Maybe the guard had stepped away to take a piss?

  ‘Come on.’ Jaern coughed, a spume of violet light bursting against the sky. ‘The spell won’t last forever. Do you want to have time to pick up your Erranter pet after we get the Empty One, or not?’

  I shoved the uneasiness down. If I could just find the doll and get us out of there, everything would be all right. ‘Fine, lead the way.’

  Jaern slipped through the dark in front of me, sticking to the deeper shadows behind structures. I kept my eyes on his will-o’-the-wisp, intent on not losing him. After all, it wasn’t as though I needed to worry about being seen.

  A heavy kind of silence lay over the camp, broken only by the distant mutter of voices and the occasional burst of raucous laughter from a knot of people around one of the braziers north of us. Jaern paused three times, once to let a pair of slavers walk by, arguing over whose turn it was to supervise the cook in the morning, and the other two times to avoid a bow-legged guard making a lumbering, circular patrol that kept crossing our route.
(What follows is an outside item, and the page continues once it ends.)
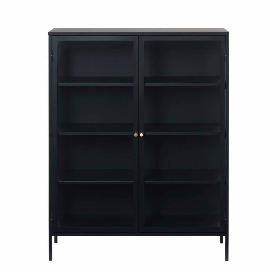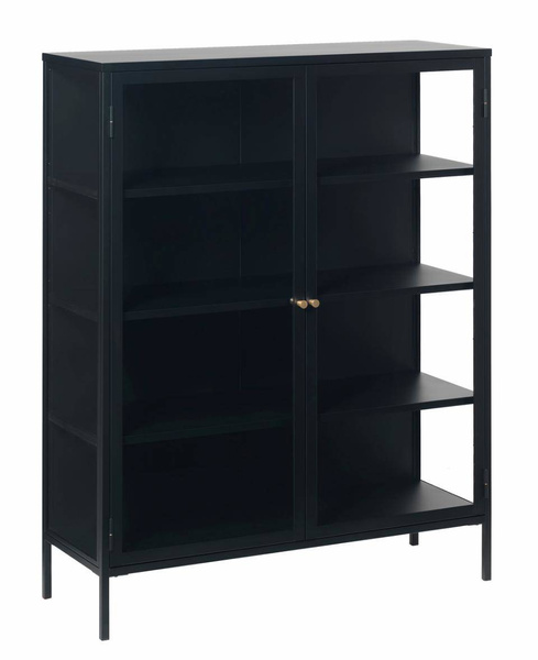 - Witryna o wysokości 140 cm z dwojgiem drzwi i jedną półką wykonana z metalu w kolorze metalicznej czerni. Styl nowoczesny, industrialny.
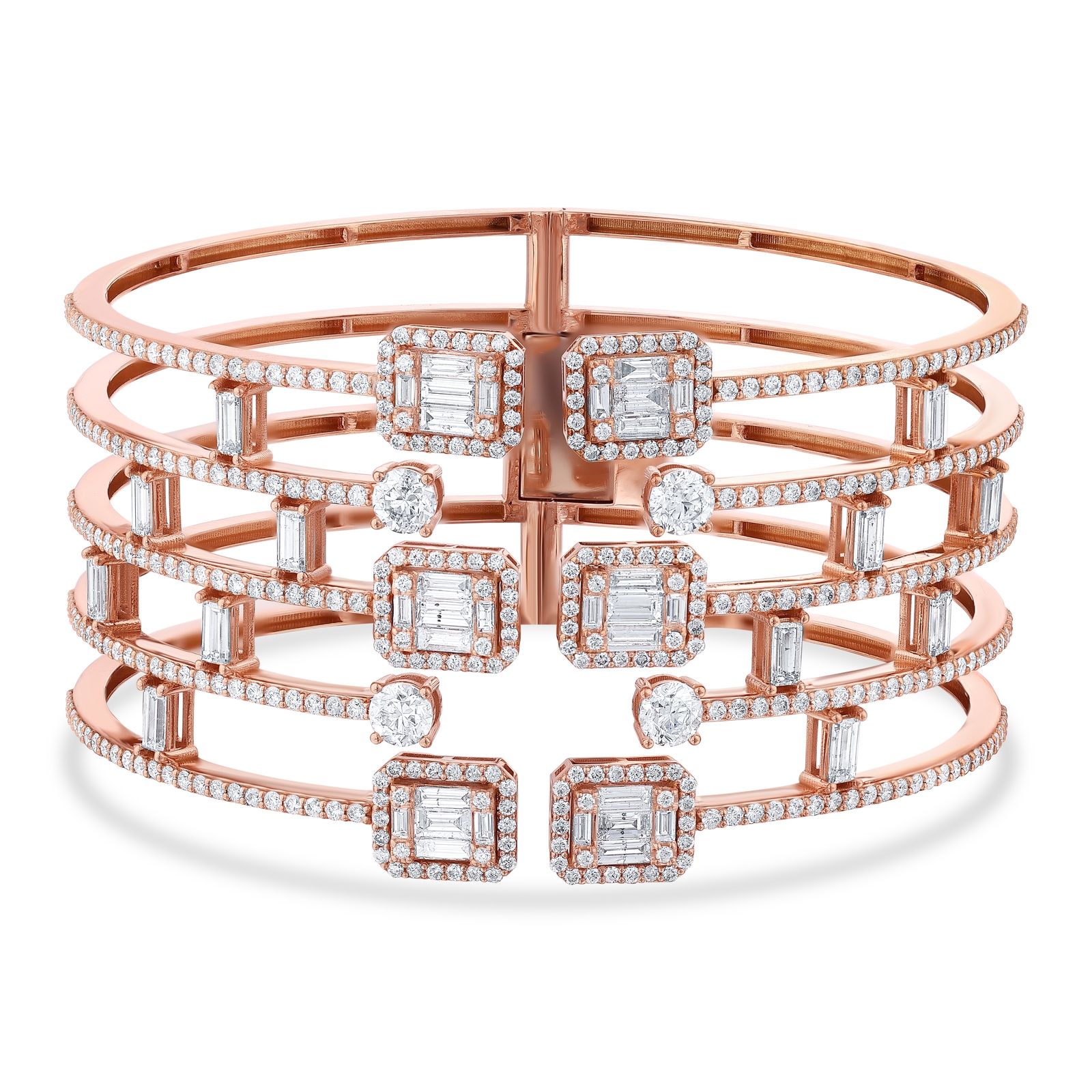 Pırlantaları her kadın sever ama bazıları gösterişli olanları tercih eder. Kelepçe bileklik modellerine ilgi yoğundur. Şatafatlı ürünler arasında 11.34 Karat Pırlanta Baget Kelepçe Bileklik vardır. Dört sıra halindeki bilekliğin üzerinden yüzlerce pırlanta bulunur. Birbirine bağlı bantlar yarıya kadar pırlanta ila kaplıdır.

  The second time Jaern’s hand hit me in the breastbone, scrambled for my shoulder and then shoved me down behind a stack of food crates. I squatted in the mud, my eyes gritty with wine and exhaustion, vague dread twisting in me like a bellyful of eels.

  ‘This feels wrong,’ I whispered. ‘Why aren’t there more of them?’

  ‘Shut up,’ said Jaern. ‘Unless you want me to kill them after all.’

  Then he moved again, and I had to follow.

  A tide of blood pounded in and out of my ears, louder with each step. We were getting closer to what I judged must be the centre of the camp, where the more expensive merchandise would be kept, less vulnerable to a sudden raid.

  I halted, skin prickling.

  You’re missing something.

  Jaern’s fingers closed on my wrist and yanked me forwards. ‘Don’t stop, or they’ll see me. We’re almost there.’